I would just like to ask...on 28th Sept an article appeared on the telegraph website
saying that Ontario has launched a 'new initiative' to recruit British workers...

Sounds all very nice BUT my OH has been sending out resume's to as many companies as he can find....but NO-ONE has replied.

With this new 'initiative' do the companies still have to go for LMO?

As we are stuck in a position of no job=no entry...no feet on terra ferma=no job offer!! 

As an experienced Electrician, he would like to 'go for' Red seal, but again has to be IN Canada to gain this accreditation...

Would love to hear from anyone in Ontario!!


----------



## EVHB (Feb 11, 2008)

Don't read The Telegraph here in Ontario, so to start with: this is the article:
Canada seeks British immigrants - Telegraph

And this is the website that they launched to recruit new immigrants:
Northwestern Ontario Canada Immigration Portal

It seems that you still need to aply as before, so as a Skilled Worker, or with an LMO, or as an entrepreneur and so on.
By the way: it is not "Ontario" that launched this initiative, it is the Thunderbay region, which is quite far away from Toronto (at least a 7 hour drive). Not a lot of people are living there, but it seems to be beautiful. ;-)


----------



## owdon (Sep 29, 2010)

Thanks EVHB...

I assume that Thunderbay is more of an industrial area?!

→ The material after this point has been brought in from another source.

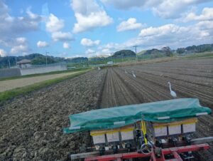 人参の播種後すぐに、追いかけで籾殻散布を行っているため

Also, can you apply as a skilled worker Without an LMO or firm job offer??
I assumed not (my own ignorance)...


----------



## EVHB (Feb 11, 2008)

I haven't been there yet, only read about it because our son mentioned Lakehead University as a possible location for his study and due to the article in The Telegraph. It seems to me as a beautiful area, lots of woods and green! And it is a very important city for that part of Ontario.

If you qualify in the Federal Skilled Worker Program (= you have enough points + you have one of the jobs on the list of 29 professions and you have this job at the right level), than you don't need a job offer, you can apply for a permanent resident visa and come to Canada. (without a job ;-) )
To find out if you qualify: 
Immigrating to Canada: Skilled workers and professionals
And don't forget to take a look at the provincial nominee programs if you don't qualify for a Skilled Worker visa:
Immigrating to Canada: Provincial nominees (don't know the ins and outs of this program).

Good luck!


----------